──────── Given records
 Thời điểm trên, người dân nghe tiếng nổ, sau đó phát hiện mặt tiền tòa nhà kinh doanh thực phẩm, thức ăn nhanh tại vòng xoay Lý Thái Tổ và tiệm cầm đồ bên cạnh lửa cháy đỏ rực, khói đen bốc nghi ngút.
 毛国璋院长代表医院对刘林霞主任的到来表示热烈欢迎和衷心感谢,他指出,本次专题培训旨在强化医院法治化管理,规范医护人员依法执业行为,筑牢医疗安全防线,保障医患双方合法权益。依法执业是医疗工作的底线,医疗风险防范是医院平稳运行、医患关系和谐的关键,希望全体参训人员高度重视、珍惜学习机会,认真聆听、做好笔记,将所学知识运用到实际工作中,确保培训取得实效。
────────────────
──────── Given records
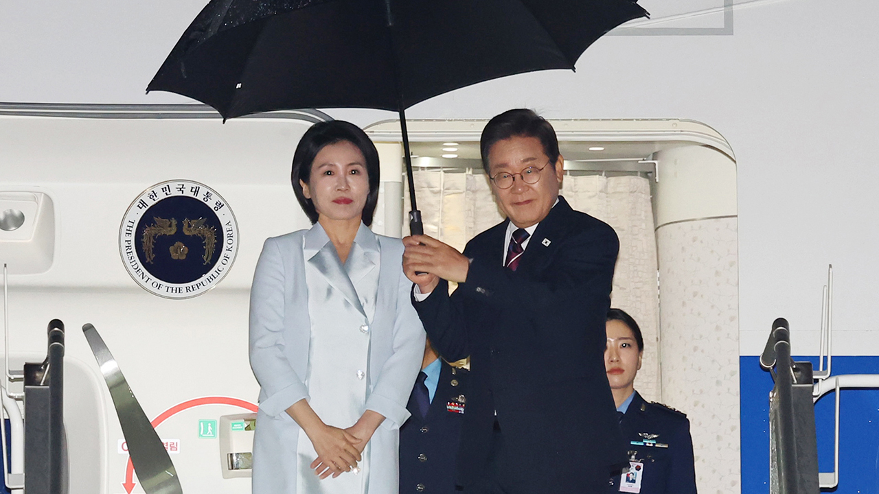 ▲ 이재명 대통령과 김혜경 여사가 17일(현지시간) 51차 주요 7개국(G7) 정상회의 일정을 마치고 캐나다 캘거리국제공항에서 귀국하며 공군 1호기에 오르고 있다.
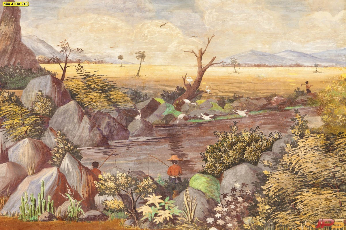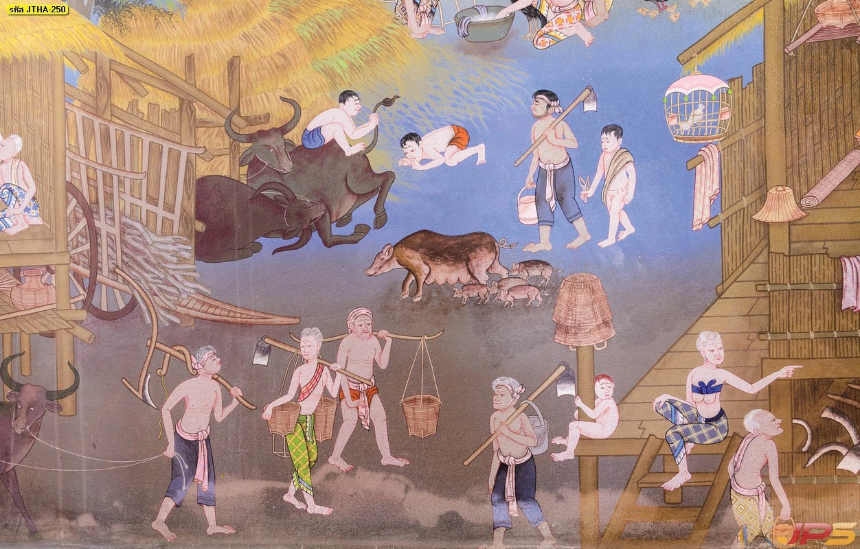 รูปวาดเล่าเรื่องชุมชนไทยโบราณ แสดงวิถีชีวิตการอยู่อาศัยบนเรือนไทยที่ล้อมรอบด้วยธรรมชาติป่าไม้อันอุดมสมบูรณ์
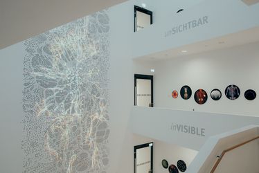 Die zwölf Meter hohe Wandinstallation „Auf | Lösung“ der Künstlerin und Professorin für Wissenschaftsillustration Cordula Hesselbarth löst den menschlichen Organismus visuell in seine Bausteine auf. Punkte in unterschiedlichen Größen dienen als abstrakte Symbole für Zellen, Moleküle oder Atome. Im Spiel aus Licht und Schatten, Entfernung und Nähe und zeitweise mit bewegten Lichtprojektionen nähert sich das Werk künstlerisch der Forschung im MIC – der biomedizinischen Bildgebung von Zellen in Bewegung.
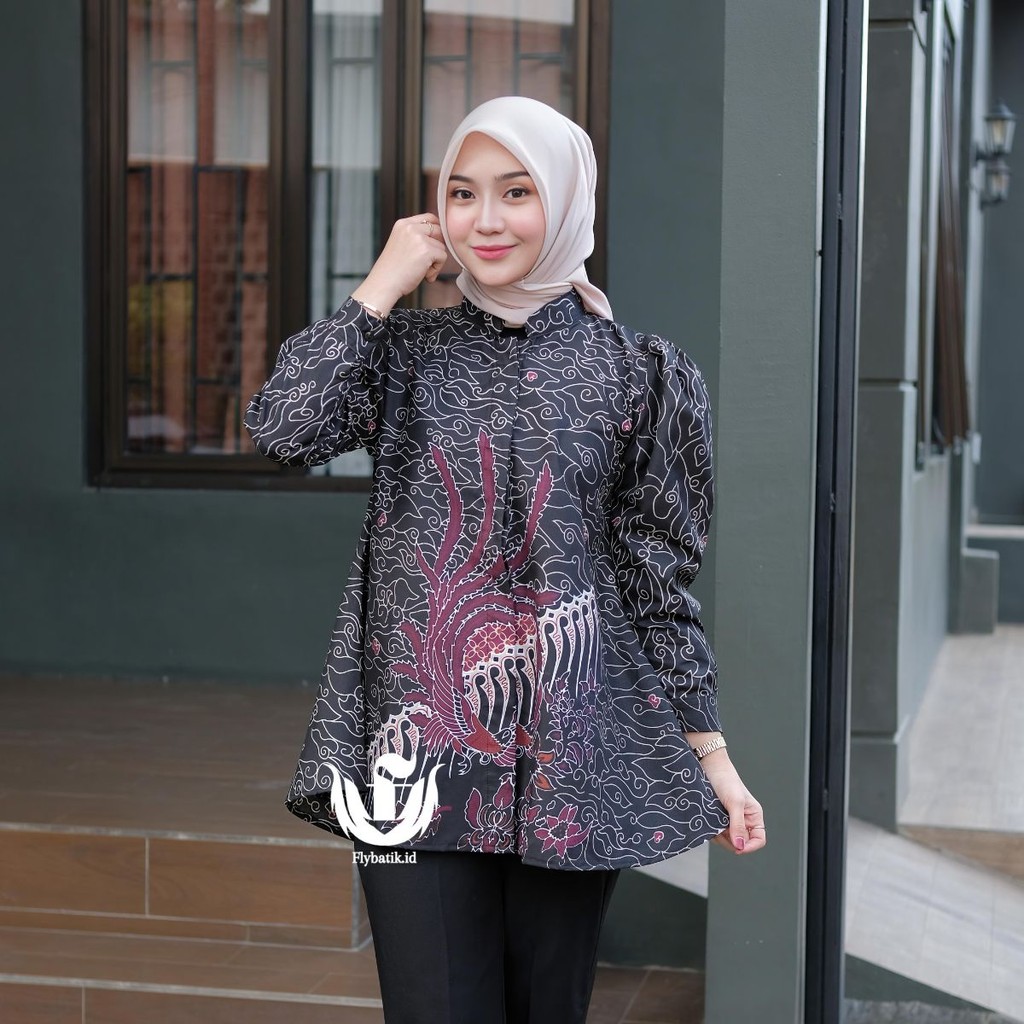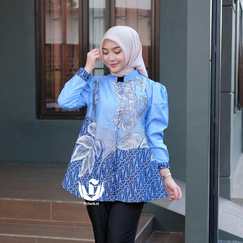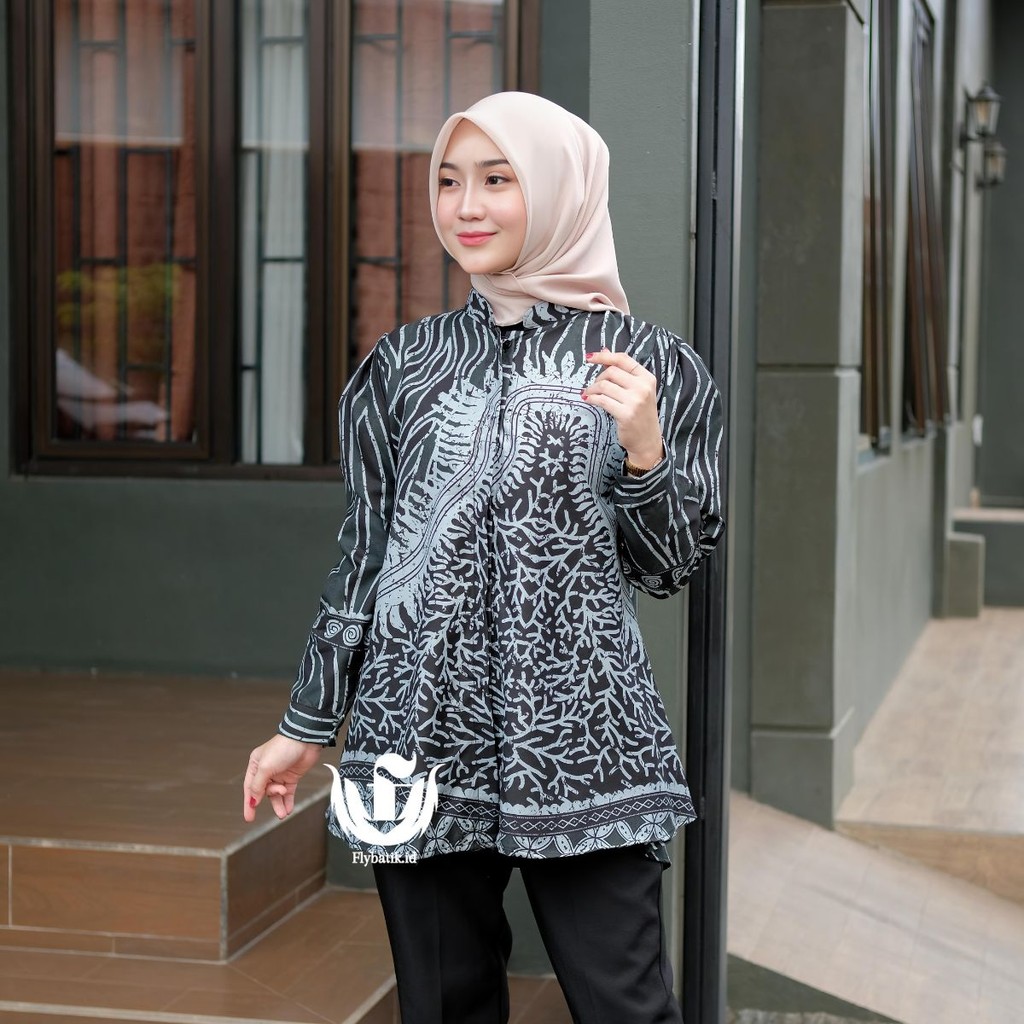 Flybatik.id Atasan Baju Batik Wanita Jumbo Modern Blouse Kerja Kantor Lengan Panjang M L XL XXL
────────────────
──────── Given records
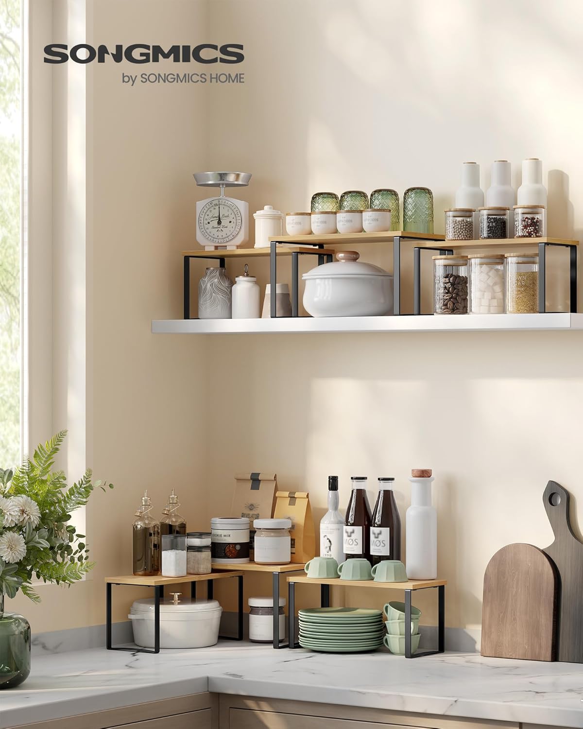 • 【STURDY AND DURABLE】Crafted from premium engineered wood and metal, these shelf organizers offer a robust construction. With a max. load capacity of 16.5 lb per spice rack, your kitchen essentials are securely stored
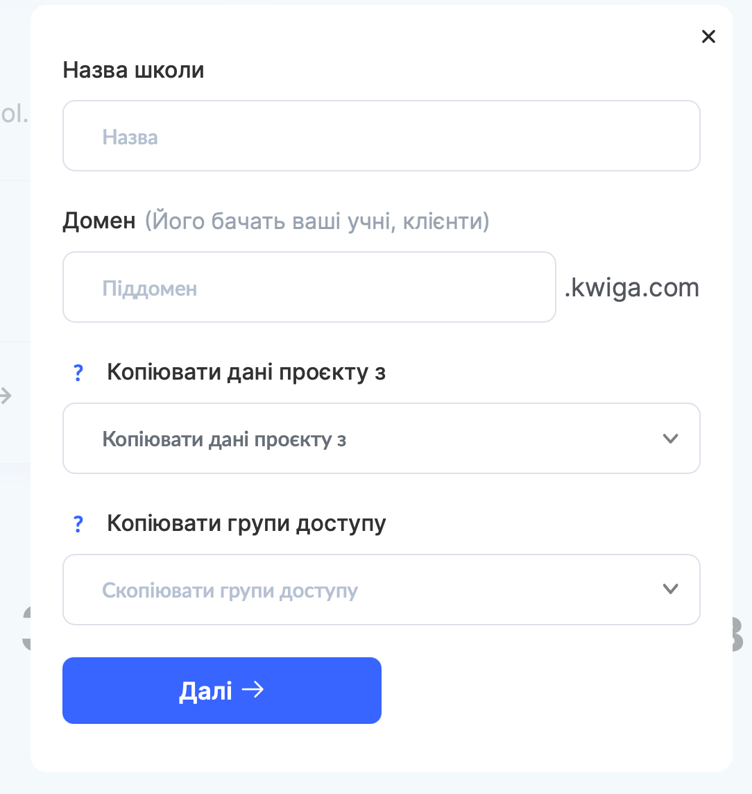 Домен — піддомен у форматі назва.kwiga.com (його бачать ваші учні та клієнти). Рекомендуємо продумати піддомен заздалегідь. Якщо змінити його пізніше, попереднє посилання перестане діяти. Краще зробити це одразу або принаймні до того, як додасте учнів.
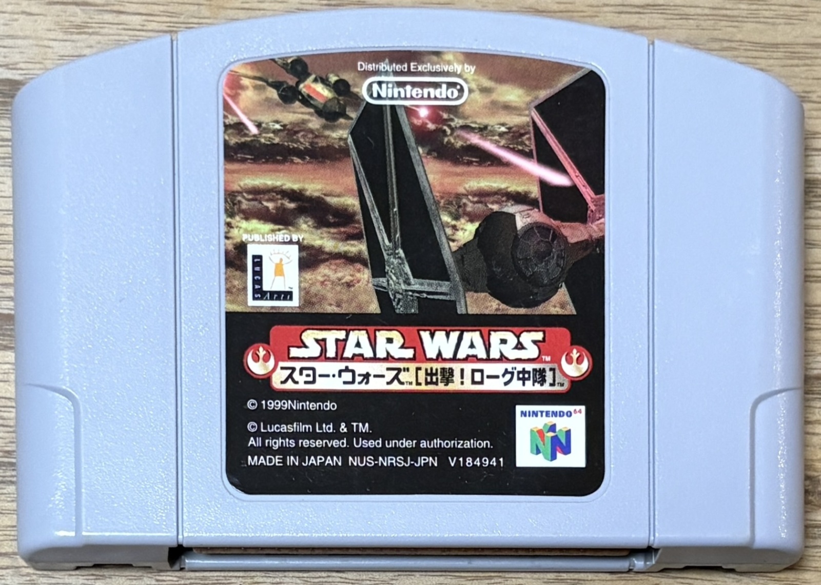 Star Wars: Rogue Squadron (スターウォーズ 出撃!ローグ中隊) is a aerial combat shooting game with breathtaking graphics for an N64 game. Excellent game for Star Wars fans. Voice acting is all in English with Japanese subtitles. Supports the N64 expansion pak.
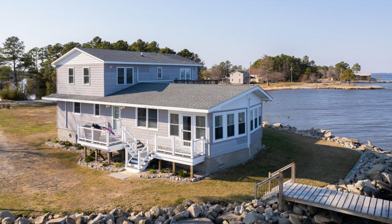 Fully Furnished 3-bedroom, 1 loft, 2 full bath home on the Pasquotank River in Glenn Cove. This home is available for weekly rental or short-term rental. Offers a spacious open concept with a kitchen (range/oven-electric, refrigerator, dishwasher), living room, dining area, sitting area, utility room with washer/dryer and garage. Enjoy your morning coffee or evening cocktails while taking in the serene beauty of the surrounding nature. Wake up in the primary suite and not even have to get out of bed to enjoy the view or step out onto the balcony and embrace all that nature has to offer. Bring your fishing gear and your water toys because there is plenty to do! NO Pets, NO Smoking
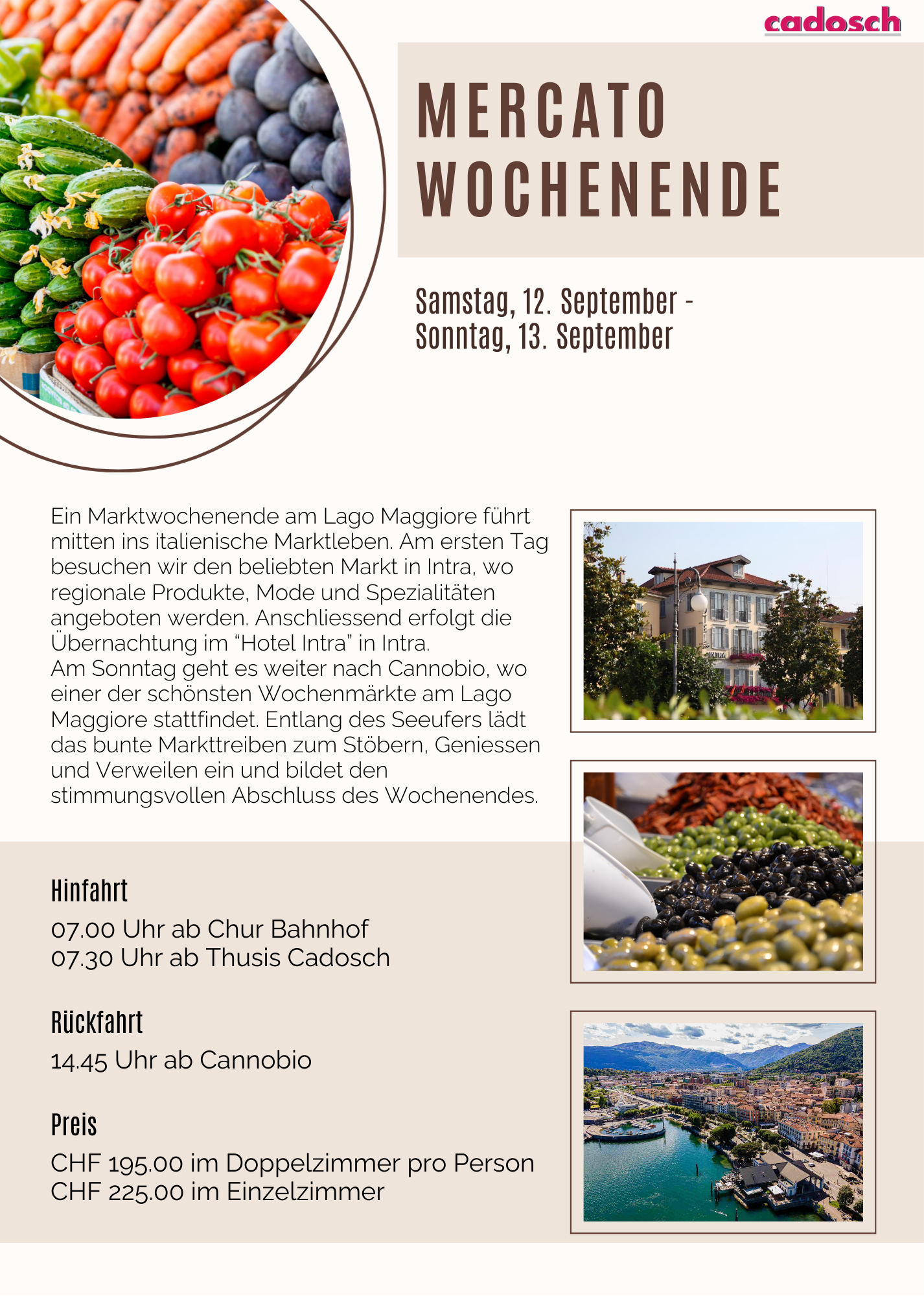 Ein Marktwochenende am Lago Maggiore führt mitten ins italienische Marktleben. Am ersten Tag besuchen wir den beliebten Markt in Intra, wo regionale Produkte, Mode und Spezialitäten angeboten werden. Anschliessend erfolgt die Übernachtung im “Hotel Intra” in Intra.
────────────────
● Exercise aim: In the data above, find the line containing "รูปวาดเล่าเรื่" and the line containing "Flybatik.id Atasan Baju". Repeat those two lines and everything between them exactly, minus the pictures.

● Written response:
 รูปวาดเล่าเรื่องชุมชนไทยโบราณ แสดงวิถีชีวิตการอยู่อาศัยบนเรือนไทยที่ล้อมรอบด้วยธรรมชาติป่าไม้อันอุดมสมบูรณ์
 Die zwölf Meter hohe Wandinstallation „Auf | Lösung“ der Künstlerin und Professorin für Wissenschaftsillustration Cordula Hesselbarth löst den menschlichen Organismus visuell in seine Bausteine auf. Punkte in unterschiedlichen Größen dienen als abstrakte Symbole für Zellen, Moleküle oder Atome. Im Spiel aus Licht und Schatten, Entfernung und Nähe und zeitweise mit bewegten Lichtprojektionen nähert sich das Werk künstlerisch der Forschung im MIC – der biomedizinischen Bildgebung von Zellen in Bewegung.
 Flybatik.id Atasan Baju Batik Wanita Jumbo Modern Blouse Kerja Kantor Lengan Panjang M L XL XXL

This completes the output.